▶ WORK TO COMPLETE: Could you transcribe exactly the lines below, from the line with "Salon doğrudan havuz" through the line with "在北京的一家商場,記者走訪多", and nothing else, leaving out the pictures?

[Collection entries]
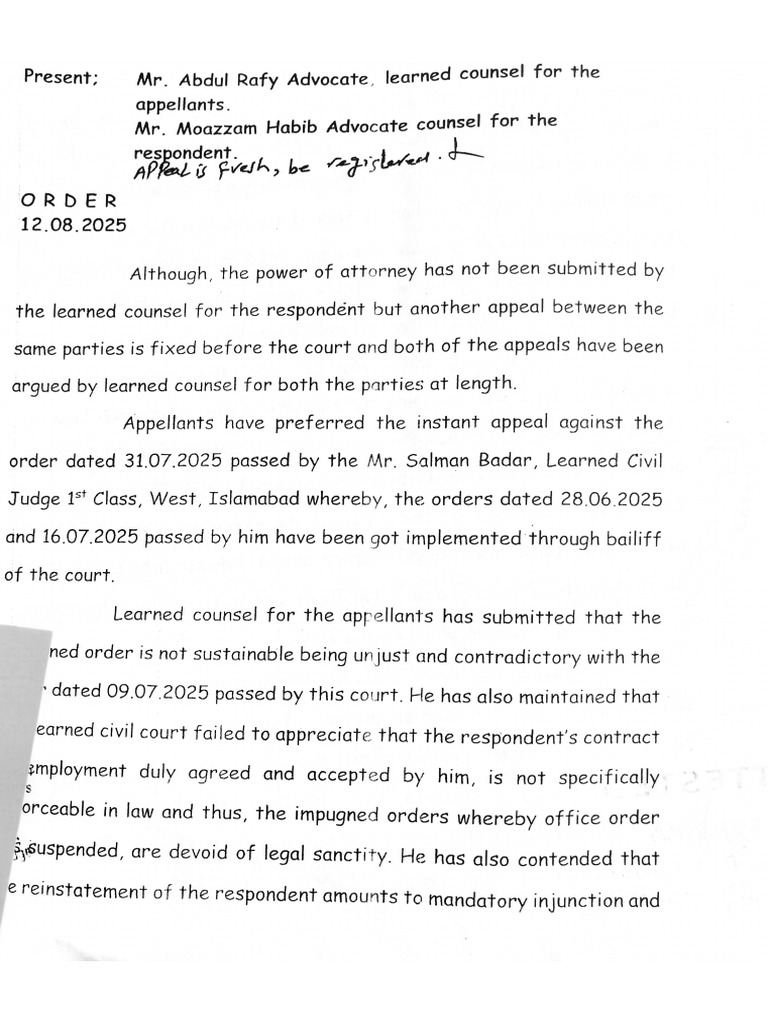 The document outlines a legal appeal regarding the reinstatement of a respondent who was terminated from his position as Executive Director of the Higher Education Commission (HEC). The appellants argue that the lower court's orders are unjust and that the respondent was not in service at the time of filing the suit, making the reinstatement legally impermissible. The appeal is accepted, and the impugned order is set aside, with instructions for the case file to be consigned to the record room.
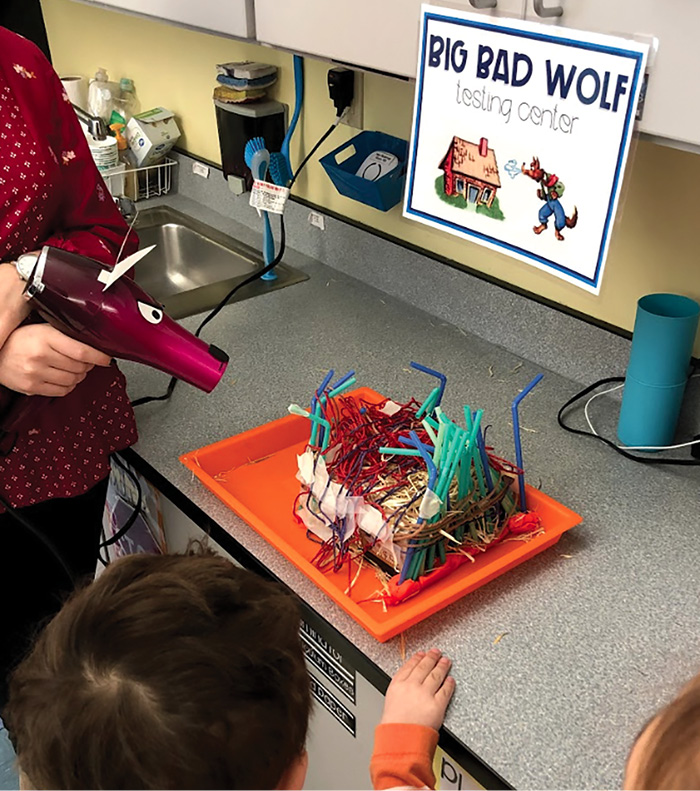 Prior to the investigation in this article, students engaged in several ELA and arts activities to build relationships with each other. During those activities, we paired students using their personality traits based on who we thought would work best together, and the communication needs of the preK students (based on IEPs). Minor adjustments needed to be made. However, we were then able to keep the same groupings together for the STEM investigation. This was extremely helpful because the students were already comfortable with each other and readily communicated to achieve their goals. There were more fourth graders than preK students, so we generally grouped approximately two to three fourth-grade students with every one to two preK students. The fourth graders used role-playing techniques to learn strategies for supporting communication and socialization with “the littles.” We planned several scenarios the fourth graders might encounter (e.g., a preK student who won’t talk or won’t remain on task, a fourth grader wanting to do a task independent of a preK student, a preK student needing encouragement to use their words to communicate) based on our observations during earlier tasks. Our biggest challenge was identifying common standards between preK and fourth grade. The NJSLS Early Childhood guidelines for STEAM recommend that students are exposed to open-ended investigations to develop their inquiry skills (https://www.state.nj.us/education/ece/guide/standards.pdf). The Three Little Pigs investigation connected fourth-grade engineering and earth science core ideas about natural hazards to preK study of weather and structures. The story provided an analogy for hurricane force winds. However, if your area does not experience hurricanes, you could revise the scenario to include strong thunder and lightning storms and/or blizzards. PreK read the classic story. The fourth grade read The True Story of the Three Little Pigs and the Big Bad Wolf (Scieszka 1989). Afterward, the fourth graders decided whether they thought the pigs or the wolf was telling the truth. We also discussed how perspective can change based on point of view.
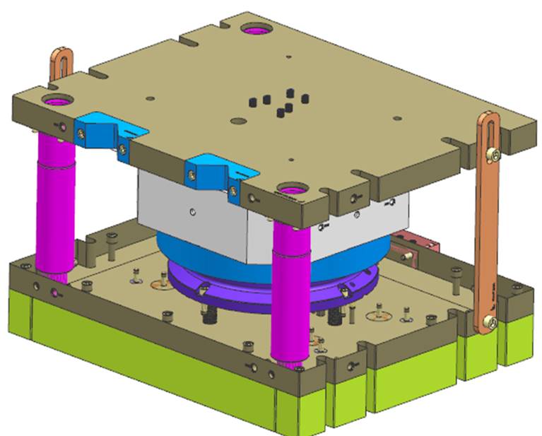 本公司設(shè)計(jì)的方向盤修飾模具,采用了全包圍式的結(jié)構(gòu)設(shè)計(jì),通過下模定位,上模沖剪的結(jié)構(gòu),實(shí)現(xiàn)了方向盤生產(chǎn)過程的穩(wěn)定和精度要求;其特征主要體現(xiàn)在:
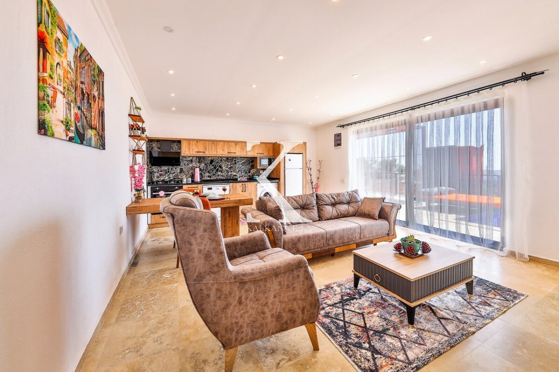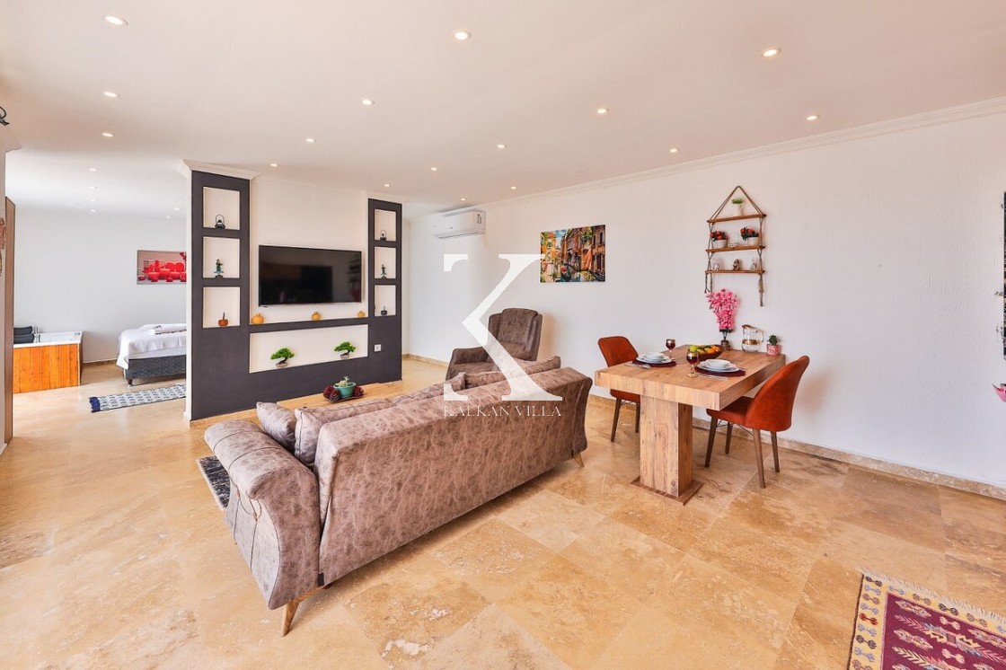 Salon doğrudan havuz terasına açılmakta, böylece Akdeniz’in eşsiz gün batımını evinizin içinden dahi izleyebilmenizi sağlar.
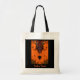 This Halloween tote bag features an abstract fractal design of a voodoo spirit in shades of red, black, green and blue. His horns are blue and he is surrounded by a brilliant orange gaseous cloud. The text reads: Trick or Treat. It can be customized or removed.
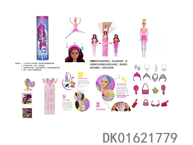 Meitai version of the surprise water-soluble series 11.5 inch real body color reveal color carnival disco barbie with 5 different surprise accessories, doll 360 degree rotation 4 styles 6pcs/box
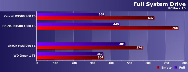 Новый комплексный PCMark 10 Full System Drive ориентирован на твердотельные накопители, так что способен загрузить работой даже самые быстрые SSD, не говоря уже о бюджетных. И включает в себя самые разные нагрузки — от запуска приложений, до простого копирования данных, так что дает полную информацию об усредненной «системной» производительностью SSD. Более подробную информацию можно получить из нашего краткого описания теста по ссылке, а сейчас — просто результаты. Как обычно — в двух состояниях: когда на SSD данных нет вообще (и SLC-кэширование может развернуться в полную силу) и когда на нем остается всего 100 ГБ свободного места (что куда более приближено к реальности, поскольку нынешние цены пока еще не слишком располагают к выбору емкости «с запасом»).
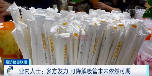 在北京的一家商場,記者走訪多家連鎖飲品門店發(fā)現(xiàn),曾經(jīng)風靡的紙吸管,已經(jīng)很少見到蹤影,一種叫作PLA的可降解吸管占據(jù)了主流。這些吸管的外包裝上標注:PLA吸管也叫聚乳酸吸管,它以玉米、小麥、木薯等植物中提取的淀粉為原料,可以全生物降解。
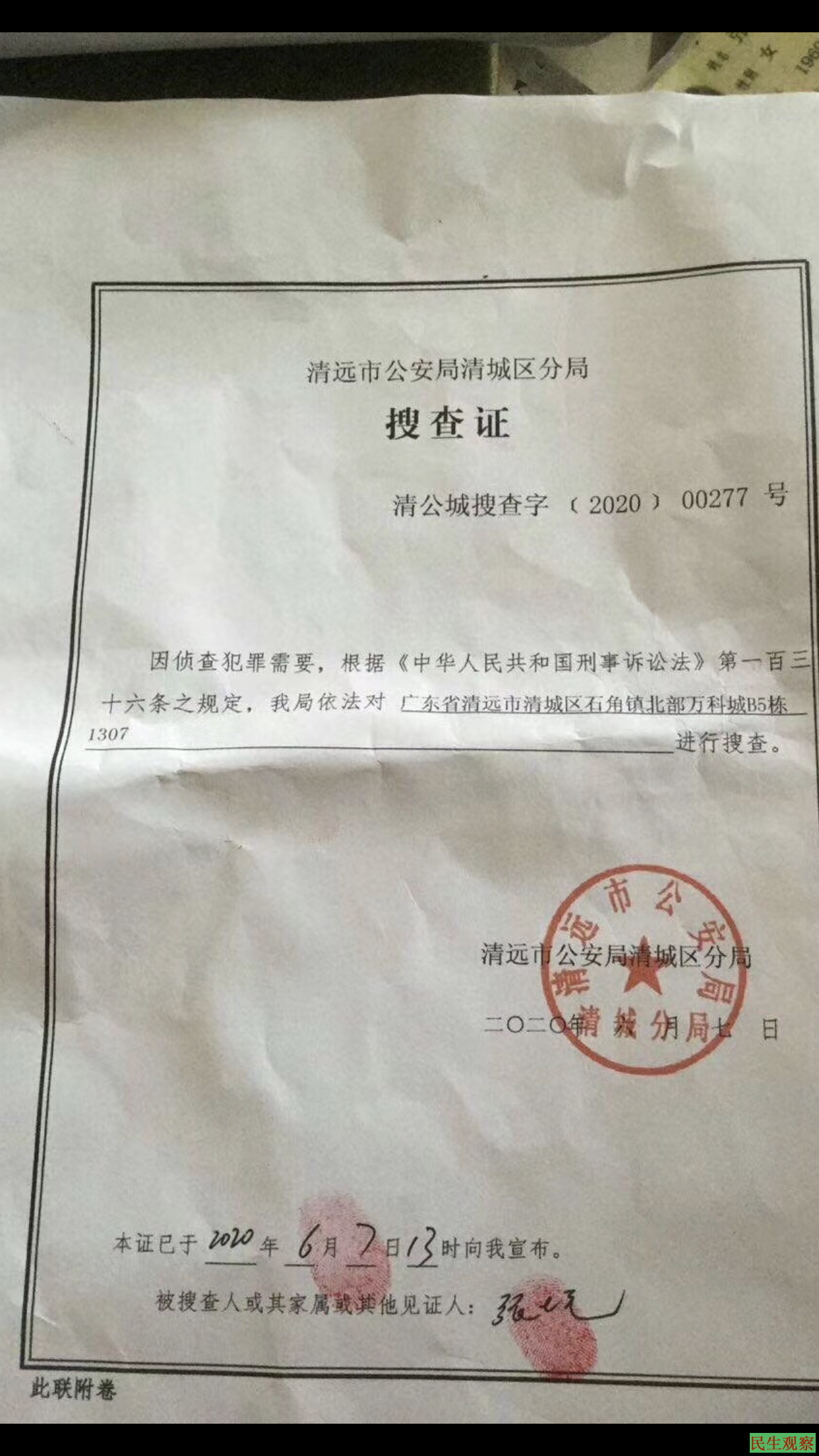 张五洲举牌后翌日,即6月5日下午两点左右,广东清远清城区石角派出所去到张五洲所住寓所,以涉嫌“扰乱公共秩序”为由对其进行传唤,关押一日后于6月6日转为刑事拘留,罪名更改为“寻衅滋事罪”,羁押于清城区看守所。警方并在6月7日上门搜查,当时正在寓所的张五洲妹妹张唯楚(张七毛)被按警方要求在《搜查笔录》上签字。根据警方在《搜查笔录》上的记录,经侦查人员仔细搜查并未在张五洲的寓所发现“举牌”案的相关证据。
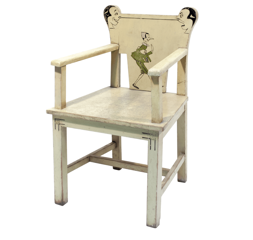 “I balocchi” racconta l’evoluzione della cultura dell’infanzia, uno spaccato storico nel quale creativi, pedagogisti e architetti hanno iniziato a progettare oggetti espressamente destinati ai bambini. Mobili e “camerette”, arredi scolastici, abiti, giochi di legno e per esterno, vengono realizzati da grandi artisti e designer, ma anche da autori sconosciuti, attingendo a cultura, creatività e moda del tempo.
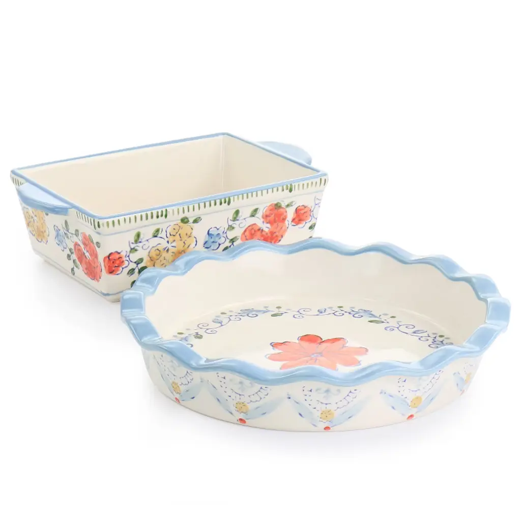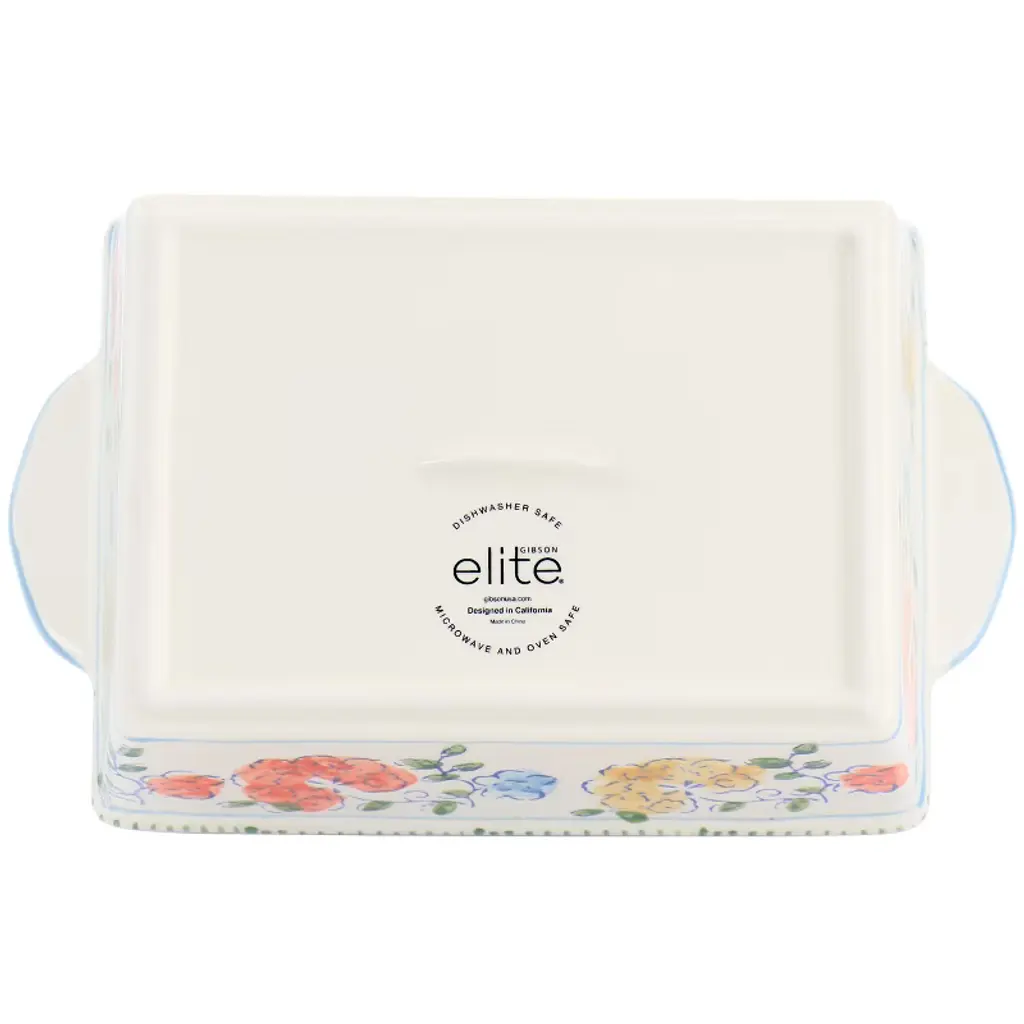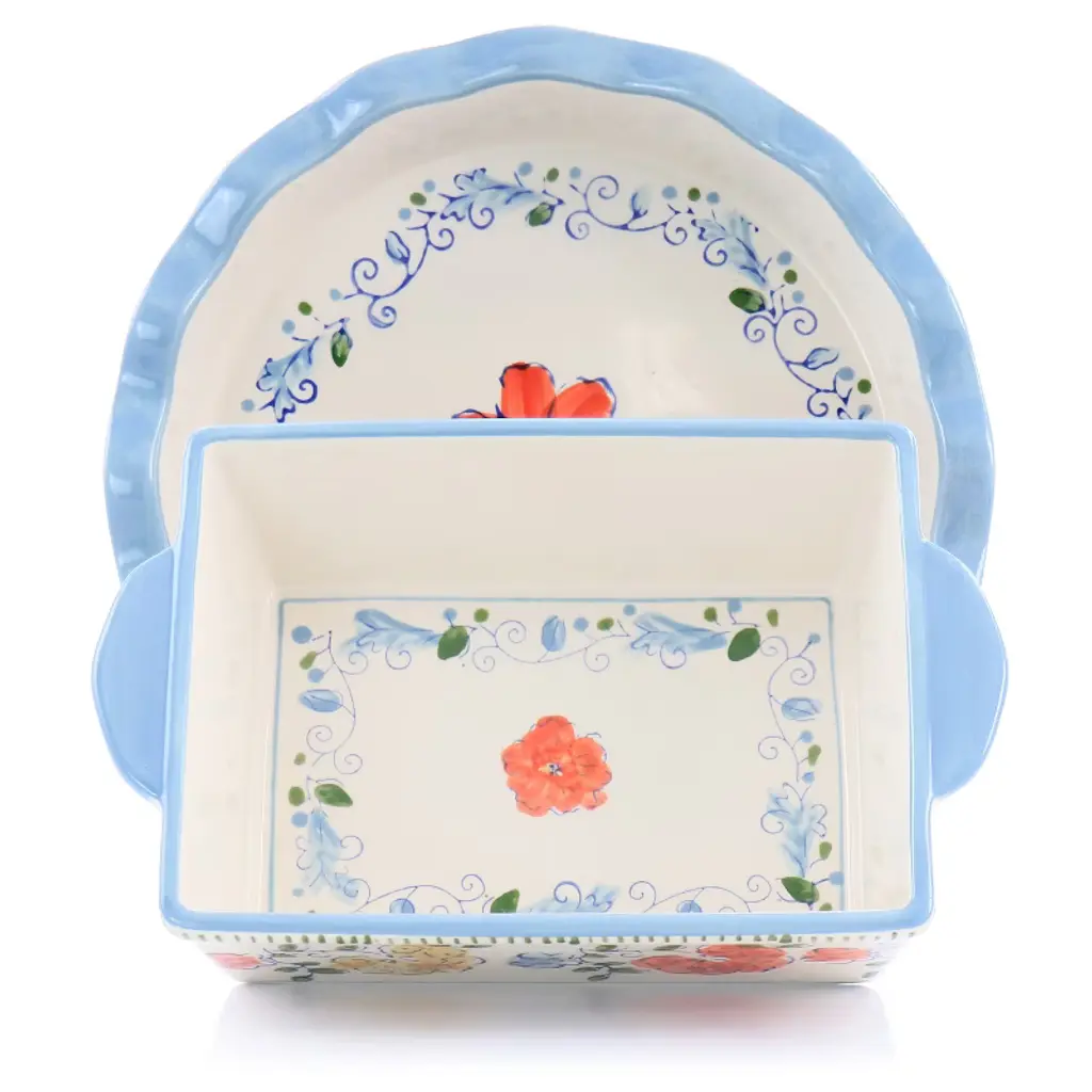 Gibson Elite Anaya 2 Piece Stoneware Bakeware Set With Hand Painted Designs

▶ EXERCISE ANSWER:
 Salon doğrudan havuz terasına açılmakta, böylece Akdeniz’in eşsiz gün batımını evinizin içinden dahi izleyebilmenizi sağlar.
 This Halloween tote bag features an abstract fractal design of a voodoo spirit in shades of red, black, green and blue. His horns are blue and he is surrounded by a brilliant orange gaseous cloud. The text reads: Trick or Treat. It can be customized or removed.
 Meitai version of the surprise water-soluble series 11.5 inch real body color reveal color carnival disco barbie with 5 different surprise accessories, doll 360 degree rotation 4 styles 6pcs/box
 Новый комплексный PCMark 10 Full System Drive ориентирован на твердотельные накопители, так что способен загрузить работой даже самые быстрые SSD, не говоря уже о бюджетных. И включает в себя самые разные нагрузки — от запуска приложений, до простого копирования данных, так что дает полную информацию об усредненной «системной» производительностью SSD. Более подробную информацию можно получить из нашего краткого описания теста по ссылке, а сейчас — просто результаты. Как обычно — в двух состояниях: когда на SSD данных нет вообще (и SLC-кэширование может развернуться в полную силу) и когда на нем остается всего 100 ГБ свободного места (что куда более приближено к реальности, поскольку нынешние цены пока еще не слишком располагают к выбору емкости «с запасом»).
 在北京的一家商場,記者走訪多家連鎖飲品門店發(fā)現(xiàn),曾經(jīng)風靡的紙吸管,已經(jīng)很少見到蹤影,一種叫作PLA的可降解吸管占據(jù)了主流。這些吸管的外包裝上標注:PLA吸管也叫聚乳酸吸管,它以玉米、小麥、木薯等植物中提取的淀粉為原料,可以全生物降解。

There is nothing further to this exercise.